What is the difference between economic development and economic growth?

Generally, both economic development and economic growth provide some clear benefits to the region. However, there are some differences between these events. For example, advances in industry, including technologies and production, could certainly build a region with other countries. However, higher productivity could occur even if other industries suffer from high unemployment or inflation that prevents sufficient consumer expenditures. As a result, the development in the economy, although often advantageous, may not always lead to an expansion for the economy.

If you want to recognize the difference between economic development and economic growth, it may be useful to identify both events. Economic growth is often measured through an indicator known as a gross domestic product (GDP.) Data are usually reported quarterly in the country. This value reflects the degree of production of goods and services in this region.

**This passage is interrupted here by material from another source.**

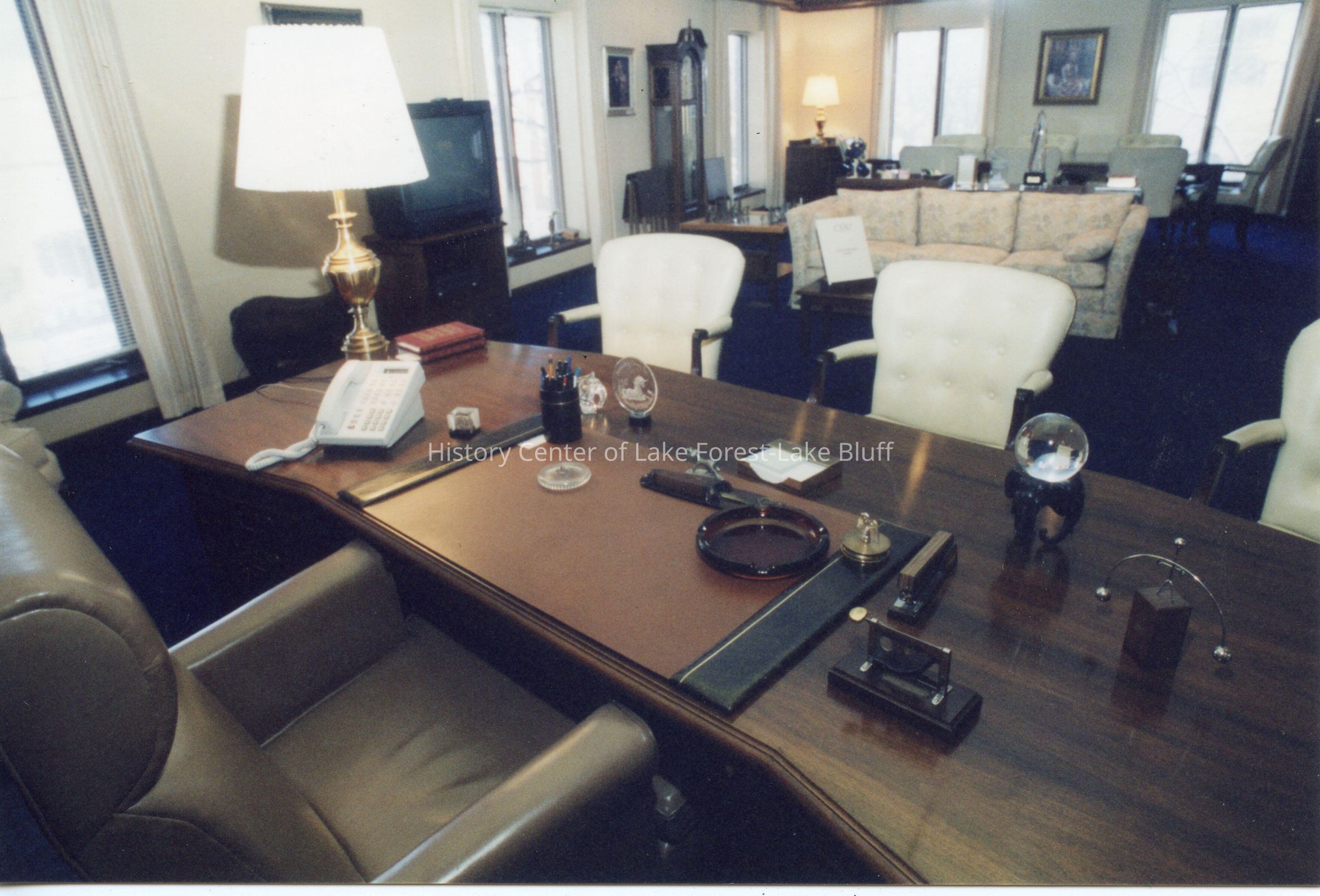 Interior photograph of W. Clement Stone office at 207 Westminster. Close up of desk from behind. Color photograph.

Economics use GDP information to assess the health of the financial status of the region. Increasing the indicator reveals a certain STUEconomic expansion, while the decline suggests that some slowdown is underway. If there is no change in GDP, the production of goods and services has remained stagnant for some time.

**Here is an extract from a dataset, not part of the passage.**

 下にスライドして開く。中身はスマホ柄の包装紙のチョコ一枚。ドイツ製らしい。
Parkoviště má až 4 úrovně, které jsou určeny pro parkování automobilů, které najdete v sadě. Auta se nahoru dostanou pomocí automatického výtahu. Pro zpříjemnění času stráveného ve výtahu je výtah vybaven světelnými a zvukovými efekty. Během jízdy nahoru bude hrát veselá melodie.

As economic development occurs, the inhabitants of the region should be able to recognize the improvement of their standard of living. Such progress could be reflected in the construction of other roads or upgrades to the existing infrastructure. Most of the investments that control economic development come from the federal government. As a result, there may be changes in public policy that stimulates an activity that leads to higher employment, greater income and more favorable conditions in areas from health care to transport.

Government can be provided at a national or local level. Programs may include extension of financing opportunities so that new businesses have a chance to flourish. Some government programs and politicians may sometimes pCity for further economic development, which in turn can lead to greater economic growth.

Although there are differences between economic development and economic growth, both events can support each other. For example, investments in local infrastructure can improve community trade conditions. Roads that are more accessible and increasing the value of real estate that can occur from new development could increase the number of small businesses in the area. This can stimulate economic growth, as favorable conditions can attract larger trade to the region and increase the profits of local trades. The greater presence of small businesses can benefit the development of the city, because shop owners often reinvest into the community by supporting local events.